● **PROVIDED DATA**
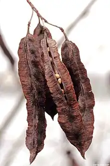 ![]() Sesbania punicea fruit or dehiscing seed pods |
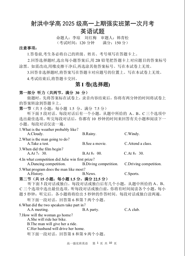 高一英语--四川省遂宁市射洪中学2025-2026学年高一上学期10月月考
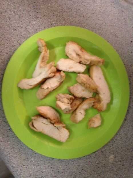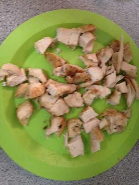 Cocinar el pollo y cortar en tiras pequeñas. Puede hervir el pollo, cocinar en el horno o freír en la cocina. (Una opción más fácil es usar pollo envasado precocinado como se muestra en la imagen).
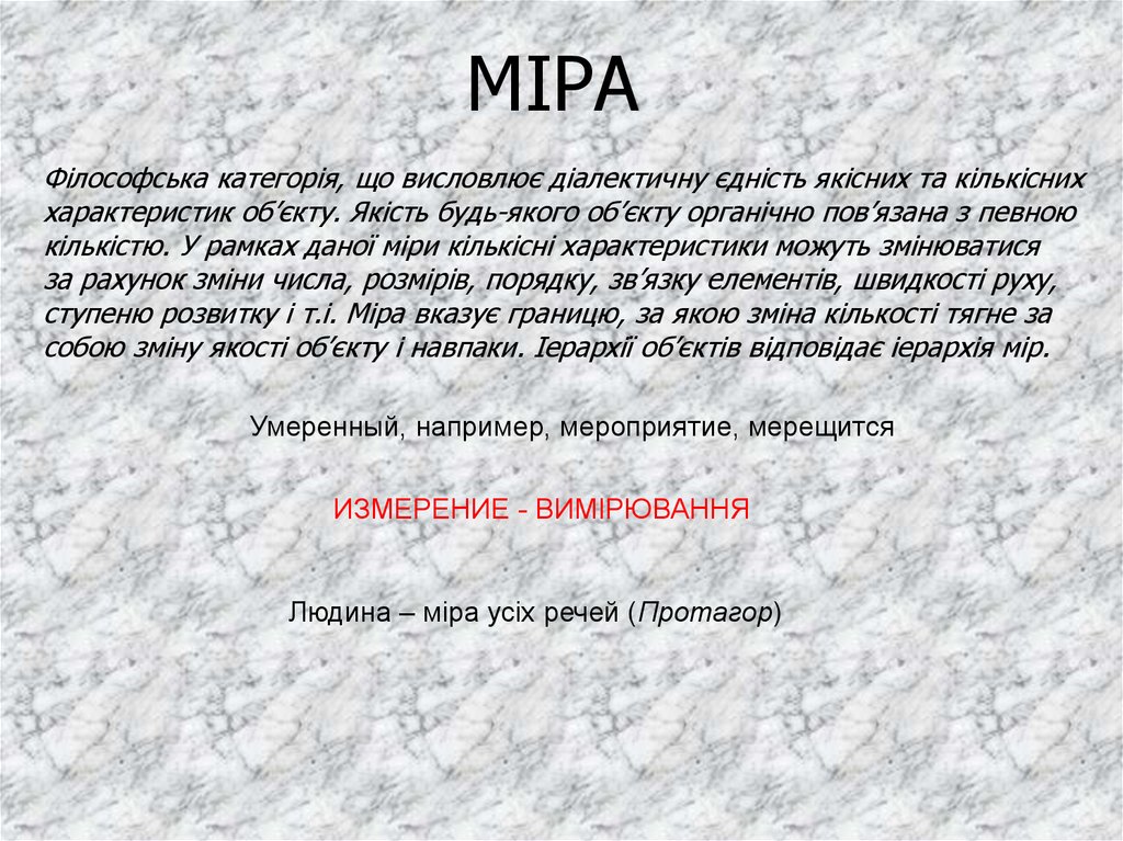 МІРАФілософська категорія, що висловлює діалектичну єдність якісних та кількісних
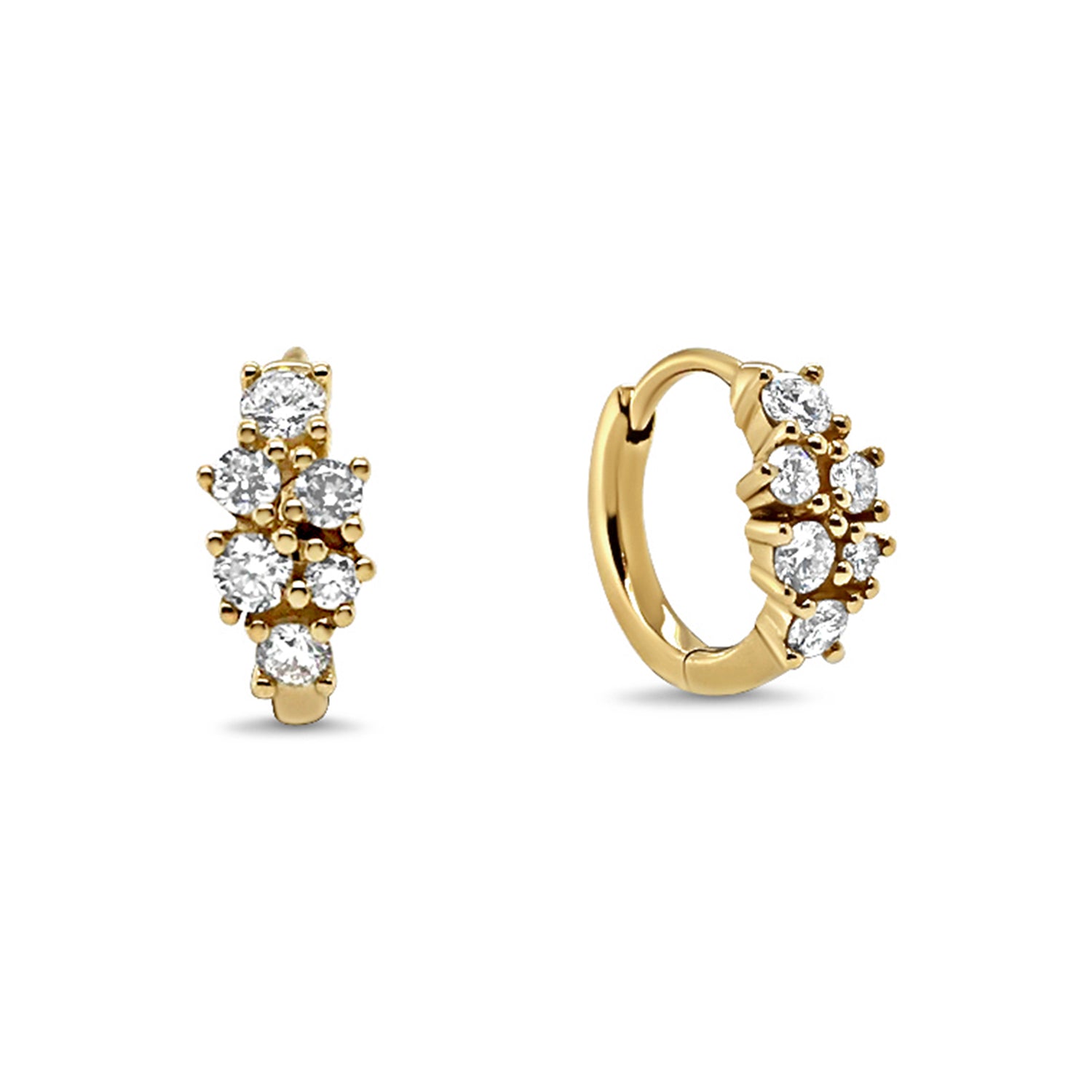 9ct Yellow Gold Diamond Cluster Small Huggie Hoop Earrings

● **WHAT THE EXERCISE ASKS**
Repeat each entry exactly. Pictures do not belong in the copy.

● **TASK RESPONSE**
 ![]() Sesbania punicea fruit or dehiscing seed pods |
 高一英语--四川省遂宁市射洪中学2025-2026学年高一上学期10月月考
 Cocinar el pollo y cortar en tiras pequeñas. Puede hervir el pollo, cocinar en el horno o freír en la cocina. (Una opción más fácil es usar pollo envasado precocinado como se muestra en la imagen).
 МІРАФілософська категорія, що висловлює діалектичну єдність якісних та кількісних
 9ct Yellow Gold Diamond Cluster Small Huggie Hoop Earrings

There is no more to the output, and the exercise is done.